Ensure Docker is installed.

1. Setup init script#

Similar to deploying the LMDB, the enrichment data is copied to a postgres database on each cluster node. An init script can be set up to perform this.

Please contact the BDT team at bdt_support@esri.com to receive this init script.

2. Add the init script to a cluster#

Once the init script is obtained, upload this script to an S3 bucket that the cluster has access to.
Select the init script in S3 and copy its URI.

Setup for geoenrichment

In cluster creation, under the Advanced options, select the init scripts tab, change the source to S3, paste the S3 URI that was copied in the previous step, and finally click “Add”.

Setup for geoenrichment

The cluster is now enabled with the geoenrichment init script.

3. Enable container services on the cluster#

There is no option to do this through the databricks UI, so it must be done via the API.

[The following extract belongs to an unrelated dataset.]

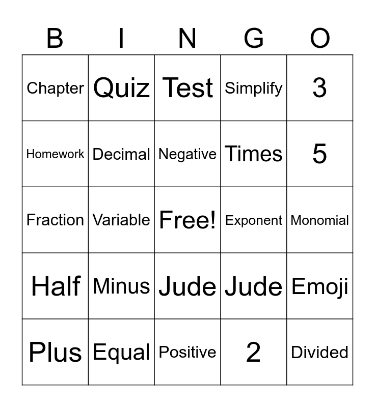 This bingo card has a free space and 24 words: Plus, Minus, Negative, 2, 3, Chapter, Quiz, Test, Exponent, Monomial, Fraction, Decimal, Jude, Emoji, Homework, Equal, Positive, Simplify, 5, Half, Variable, Jude, Times and Divided.
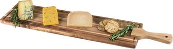 Serve a selection of your favorite appetizers atop a gorgeous panel of stained acacia. A food-safe finish, tapered handle and corresponding faux leather strap complete the ensemble, forming our rustic take on the classic tapas board.

First, go to the HTTPie website and click “Go to App” to use the web app.
Once in HTTPie, change the HTTP command mode to PATCH. Then, add the correct URL to the “Send” bar. The URL needs to be in the format https://<databricks-instance>/api/2.0/workspace-conf.
- The <databricks-instance> is located in the URL of the Databricks workspace. For example, https://dbc-12345678-1234.cloud.databricks.com/

drawing

Second, select the “Auth” tab, then select “Bearer token” at the bottom.

drawing

Once “Bearer token” has been selected, an empty line to put the token will appear. The token needed is another Databricks User Access Token.
Create a Databricks User Token:
- Go back to Databricks in the browser. Click on the email in the upper right corner of the Workspace, then click “User Settings”.
- Click on Developer in the left-hand menu, then click on Manage under the Access tokens section
- Click “Generate New Token” and enter a description for the token. Click “Generate” to create the token.
Copy the token. Go back to HTTPie and paste the token into the empty line.
Next, select the “Body” tab, and select “Text” at the bottom.

drawing

Once “Text” has been selected, an empty box will appear to put the text into. Copy-and-paste the following line into the text box:

{"enableDcs": "true"}

Finally, once URL, Auth, and Body have been filled in, click send. Green text should appear in the response section, with a response code of 204. Container services have now been enabled.
In the Databricks workspace, click on Compute, then click on the cluster that was created in the previous step.
Click on Edit, then scroll down to the Advanced Options section and expand it.
There should now be a Docker tab. Click on it, and then check “Use your own Docker container”.

drawing

4. Creating the custom geoenrichment Docker image#

Install AWS CLI if not already installed: https://aws.amazon.com/cli/
Geoenrichment requires a custom docker image. This image uses the Databricks DBR image as a base, and adds a running postgres database to it. Download the custom dockerfile here: Dockerfile
Next, download and extract this zip file containing two PostgreSQL configuration files: postgres-conf.zip
Place the Dockerfile and the two PostgreSQL configuration files into the same directory.
Authorize AWS with aws configure OR export AWS_ACCESS_KEY, AWS_SECRET_ACCESS_KEY, and AWS_DEFAULT_REGION as environment variables set to the proper credential values.
In the directory created in step 4, build the image locally with: docker build -t <tag> -f DBR143.Dockerfile . and replace the <tag> with an image name of choice. If the image successfully builds, it is ready to be pushed to ECR for use in databricks.
- Note: This step may not work on some networks blocking keyserver ubuntu. If this occurrs, try using a less restrictive network. Contact the BDT team at bdt_support@esri.com if the problem persists.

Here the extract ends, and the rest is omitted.